==== Material to process
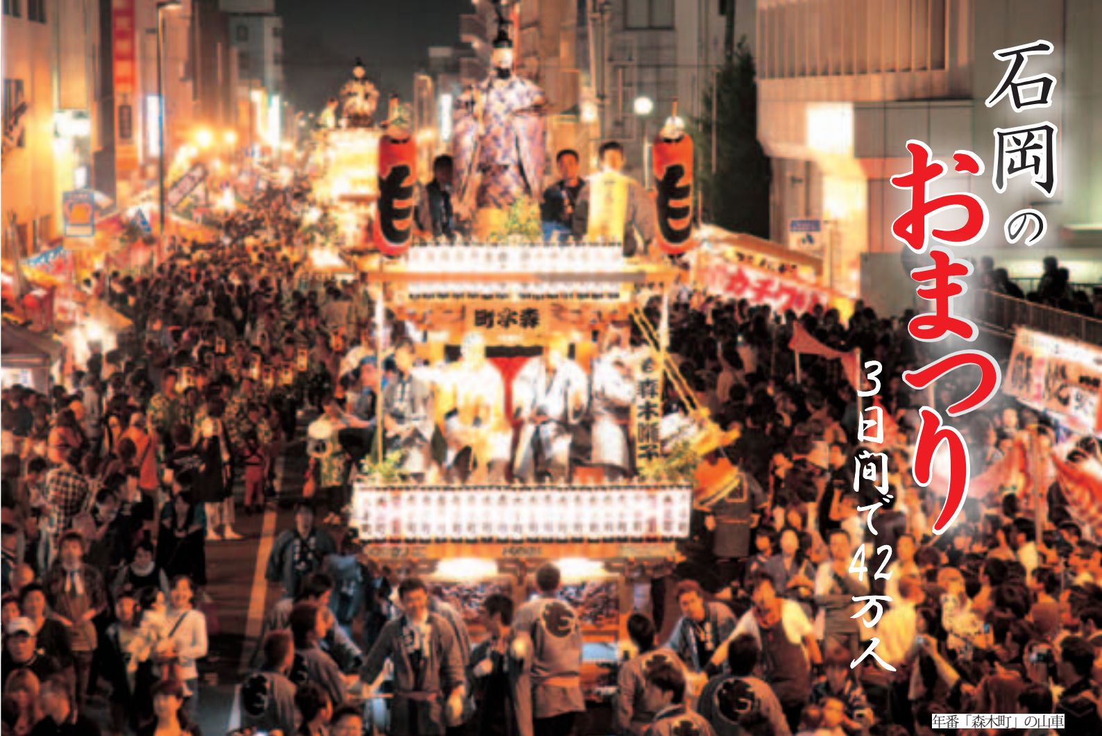
年番「森木町」の山車

「石岡のおまつり」が、秋の大型連休初日の9月19日から3日間にわたり、市街地を中心に行われました。正式には、常陸國總社宮大祭といふこの祭りに、県内外から42万人もの観光客が訪れました。華麗な山車や勇壮な幌獅子など四十数台が市内を練り歩き、市街地は祭り一色になりました。
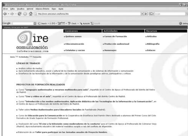
Formación en Aire Comunicación ( http://www.airecomun.com/forma.htm ).
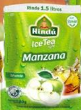
Té Helado Manzana 60 gr 12 unid. - 5721
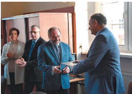
Na zdjęciu: prezydent Piotr Jedliński składa gratulacje w I LO
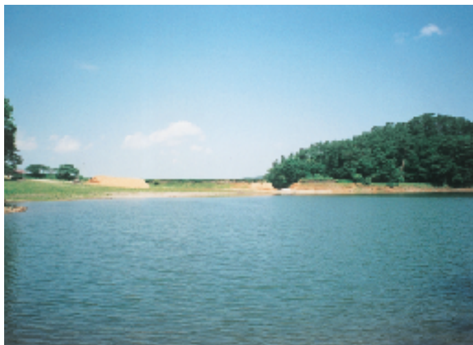
↑ 平成の改修前の赤松池

があったため、トロッコ で運搬して昔ながらのた たき石で突き固めました。 そのため多くの人の力 を必要とし、近くの町や 村から大勢の人が工事に たずさわりました。毎日、
========
- Problem description: All of the data must be set down exactly, with no pictures included.

- Answer to this problem:
年番「森木町」の山車

「石岡のおまつり」が、秋の大型連休初日の9月19日から3日間にわたり、市街地を中心に行われました。正式には、常陸國總社宮大祭といふこの祭りに、県内外から42万人もの観光客が訪れました。華麗な山車や勇壮な幌獅子など四十数台が市内を練り歩き、市街地は祭り一色になりました。
Formación en Aire Comunicación ( http://www.airecomun.com/forma.htm ).
Té Helado Manzana 60 gr 12 unid. - 5721
Na zdjęciu: prezydent Piotr Jedliński składa gratulacje w I LO
↑ 平成の改修前の赤松池

があったため、トロッコ で運搬して昔ながらのた たき石で突き固めました。 そのため多くの人の力 を必要とし、近くの町や 村から大勢の人が工事に たずさわりました。毎日、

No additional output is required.